* Aim of the task *
Go through the data below and repeat it exactly, skipping each picture.

=== Dataset content ===

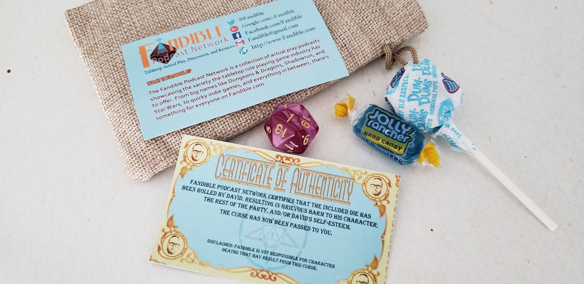 Then, the planning began. Trying to find an open hotel room in Indiana, figuring out which lucky dice bag to bring with me, and deciding what gifts to give to fans both new and old. Which was when we came up with the idea of the Fandible Goodie Bag. A little baggie full of Candy, Cards, and a CURSED DAVID DICE! Because if they like the good, they will have to accept the bad.
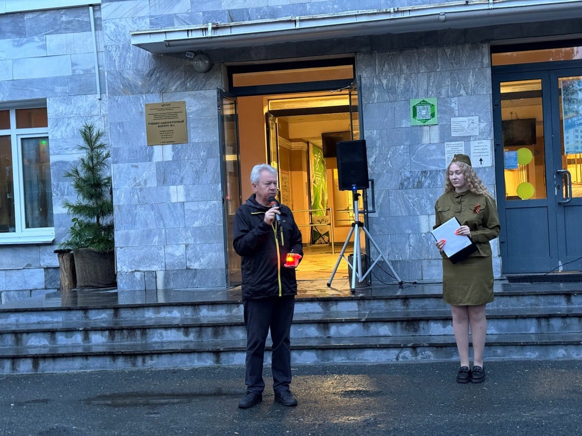 Студенты и преподаватели почтили память Защитников Отечества, сражавшихся в Великой Отечественной войне. У главного корпуса вуза были зажжены свечи памяти... В этот значимый день мы чтим память тех, кто отдал свои жизни за нашу Родину, за её свободу и независимость. Мы склоняем головы в благодарности перед героизмом ветеранов, чья храбрость и стойкость помогли нам выстоять и защитить нашу страну. Их подвиги вдохновляют нас на новые свершения и напоминают о силе духа и единстве. Пусть их мужество будет для нас примером, а их жертвы — напоминанием о ценности мира и свободы. Мы всегда будем помнить и чтить их вклад в наше общее будущее.
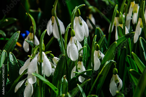 © ihorbondarenko, Fototapeta premium First snowdrops in a forest on spring
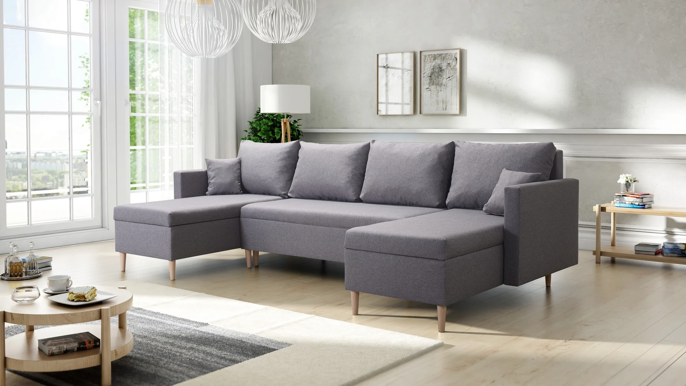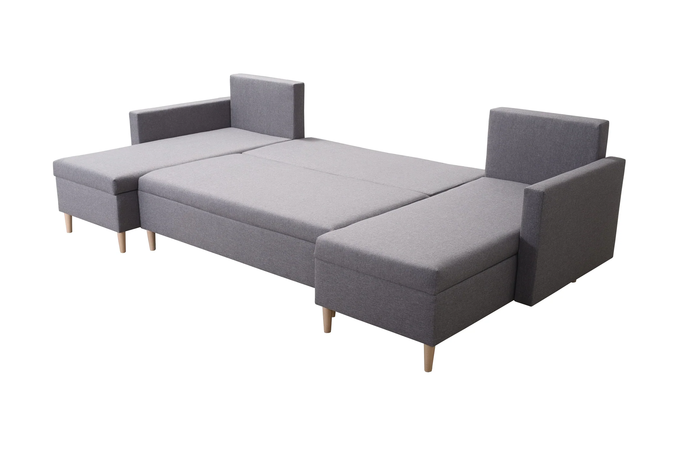Rohová sedací souprava Scandi U v elegantním skandinávském stylu je ideální volbou pro moderní interiéry. Nabízí komfortní posezení pro celou rodinu, možnost rozložení na lůžko a velkorysý úložný prostor pod každou částí. Součástí jsou pohodlné zádové a dekorační polštáře. Dřevěné nohy podtrhují celkový lehký vzhled.

===

* Answer to the exercise *
 Then, the planning began. Trying to find an open hotel room in Indiana, figuring out which lucky dice bag to bring with me, and deciding what gifts to give to fans both new and old. Which was when we came up with the idea of the Fandible Goodie Bag. A little baggie full of Candy, Cards, and a CURSED DAVID DICE! Because if they like the good, they will have to accept the bad.
 Студенты и преподаватели почтили память Защитников Отечества, сражавшихся в Великой Отечественной войне. У главного корпуса вуза были зажжены свечи памяти... В этот значимый день мы чтим память тех, кто отдал свои жизни за нашу Родину, за её свободу и независимость. Мы склоняем головы в благодарности перед героизмом ветеранов, чья храбрость и стойкость помогли нам выстоять и защитить нашу страну. Их подвиги вдохновляют нас на новые свершения и напоминают о силе духа и единстве. Пусть их мужество будет для нас примером, а их жертвы — напоминанием о ценности мира и свободы. Мы всегда будем помнить и чтить их вклад в наше общее будущее.
 © ihorbondarenko, Fototapeta premium First snowdrops in a forest on spring
Rohová sedací souprava Scandi U v elegantním skandinávském stylu je ideální volbou pro moderní interiéry. Nabízí komfortní posezení pro celou rodinu, možnost rozložení na lůžko a velkorysý úložný prostor pod každou částí. Součástí jsou pohodlné zádové a dekorační polštáře. Dřevěné nohy podtrhují celkový lehký vzhled.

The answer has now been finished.